◆ EXERCISE REQUIREMENTS:
Using the records below, transcribe word for word the stretch from the line that contains "昨天,記者來(lái)到新怡" through the line that contains "Cogsworth, Lumiere, Mrs.", both end lines included, and nothing else.

◆ DATA SHOWN:
◆ ◆ ◆ ◆ ◆
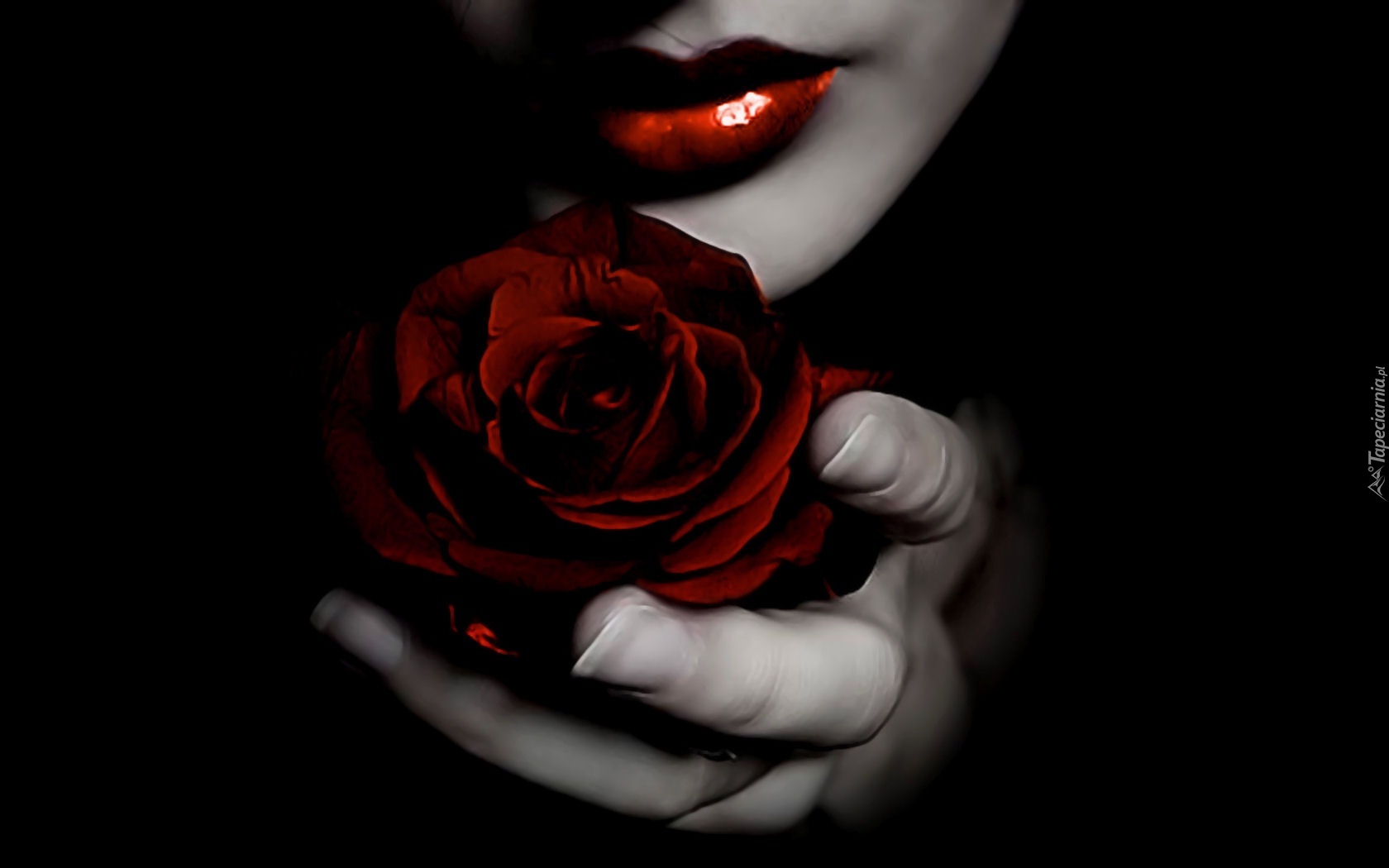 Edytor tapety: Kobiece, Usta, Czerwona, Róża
◆ ◆ ◆ ◆ ◆
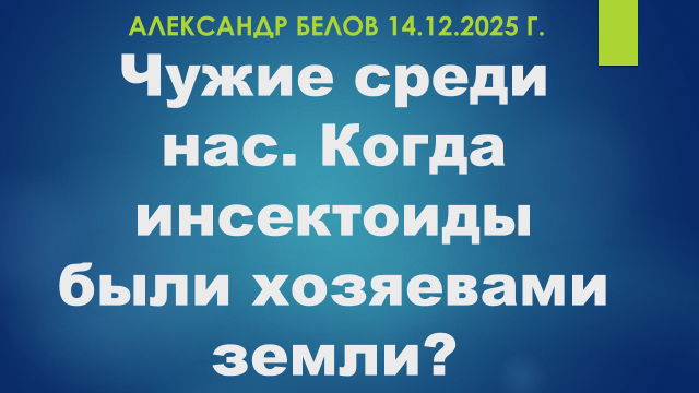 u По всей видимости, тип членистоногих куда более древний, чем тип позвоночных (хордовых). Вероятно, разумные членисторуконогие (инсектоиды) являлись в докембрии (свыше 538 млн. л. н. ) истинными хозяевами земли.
◆ ◆ ◆ ◆ ◆
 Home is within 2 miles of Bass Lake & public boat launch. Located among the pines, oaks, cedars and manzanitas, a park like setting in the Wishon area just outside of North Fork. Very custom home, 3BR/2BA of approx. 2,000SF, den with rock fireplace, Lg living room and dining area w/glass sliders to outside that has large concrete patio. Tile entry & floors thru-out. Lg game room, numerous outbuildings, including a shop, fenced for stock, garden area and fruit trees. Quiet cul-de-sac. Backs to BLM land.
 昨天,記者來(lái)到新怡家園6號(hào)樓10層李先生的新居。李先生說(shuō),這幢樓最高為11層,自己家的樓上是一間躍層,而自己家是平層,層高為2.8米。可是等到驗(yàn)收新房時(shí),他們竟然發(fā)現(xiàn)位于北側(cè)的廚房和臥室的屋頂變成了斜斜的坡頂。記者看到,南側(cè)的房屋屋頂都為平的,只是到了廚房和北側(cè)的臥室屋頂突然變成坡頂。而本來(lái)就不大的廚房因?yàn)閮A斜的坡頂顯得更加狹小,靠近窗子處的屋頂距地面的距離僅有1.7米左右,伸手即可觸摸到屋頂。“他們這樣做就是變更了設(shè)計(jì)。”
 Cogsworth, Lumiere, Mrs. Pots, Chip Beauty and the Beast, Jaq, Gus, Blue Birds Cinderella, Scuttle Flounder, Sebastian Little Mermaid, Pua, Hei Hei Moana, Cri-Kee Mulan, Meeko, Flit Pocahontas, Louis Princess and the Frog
◆ ◆ ◆ ◆ ◆
◆ RESPONSE AREA:
 昨天,記者來(lái)到新怡家園6號(hào)樓10層李先生的新居。李先生說(shuō),這幢樓最高為11層,自己家的樓上是一間躍層,而自己家是平層,層高為2.8米。可是等到驗(yàn)收新房時(shí),他們竟然發(fā)現(xiàn)位于北側(cè)的廚房和臥室的屋頂變成了斜斜的坡頂。記者看到,南側(cè)的房屋屋頂都為平的,只是到了廚房和北側(cè)的臥室屋頂突然變成坡頂。而本來(lái)就不大的廚房因?yàn)閮A斜的坡頂顯得更加狹小,靠近窗子處的屋頂距地面的距離僅有1.7米左右,伸手即可觸摸到屋頂。“他們這樣做就是變更了設(shè)計(jì)。”
 Cogsworth, Lumiere, Mrs. Pots, Chip Beauty and the Beast, Jaq, Gus, Blue Birds Cinderella, Scuttle Flounder, Sebastian Little Mermaid, Pua, Hei Hei Moana, Cri-Kee Mulan, Meeko, Flit Pocahontas, Louis Princess and the Frog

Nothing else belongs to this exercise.